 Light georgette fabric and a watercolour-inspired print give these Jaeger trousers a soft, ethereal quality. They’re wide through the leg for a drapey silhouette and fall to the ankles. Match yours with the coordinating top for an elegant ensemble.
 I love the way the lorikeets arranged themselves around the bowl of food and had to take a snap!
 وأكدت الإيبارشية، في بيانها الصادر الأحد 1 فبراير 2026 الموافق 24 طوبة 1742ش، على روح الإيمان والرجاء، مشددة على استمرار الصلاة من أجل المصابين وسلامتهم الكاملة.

--

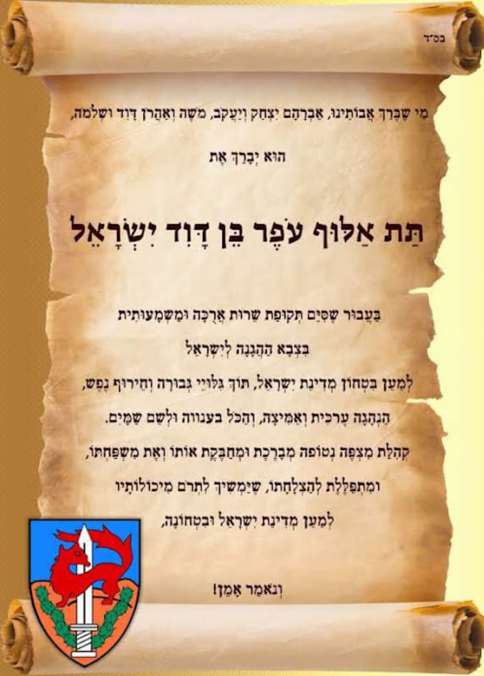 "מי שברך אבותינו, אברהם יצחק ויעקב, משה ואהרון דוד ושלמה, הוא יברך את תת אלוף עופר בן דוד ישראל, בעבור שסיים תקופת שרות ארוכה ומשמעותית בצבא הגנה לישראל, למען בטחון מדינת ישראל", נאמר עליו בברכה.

**ACTIVITY:**
Repeat the entries above verbatim, but only from the line that has "Light georgette fabric" down to the line that has "وأكدت الإيبارشية، في", inclusive.

**OUTPUT OF THE TASK:**
 Light georgette fabric and a watercolour-inspired print give these Jaeger trousers a soft, ethereal quality. They’re wide through the leg for a drapey silhouette and fall to the ankles. Match yours with the coordinating top for an elegant ensemble.
 I love the way the lorikeets arranged themselves around the bowl of food and had to take a snap!
 وأكدت الإيبارشية، في بيانها الصادر الأحد 1 فبراير 2026 الموافق 24 طوبة 1742ش، على روح الإيمان والرجاء، مشددة على استمرار الصلاة من أجل المصابين وسلامتهم الكاملة.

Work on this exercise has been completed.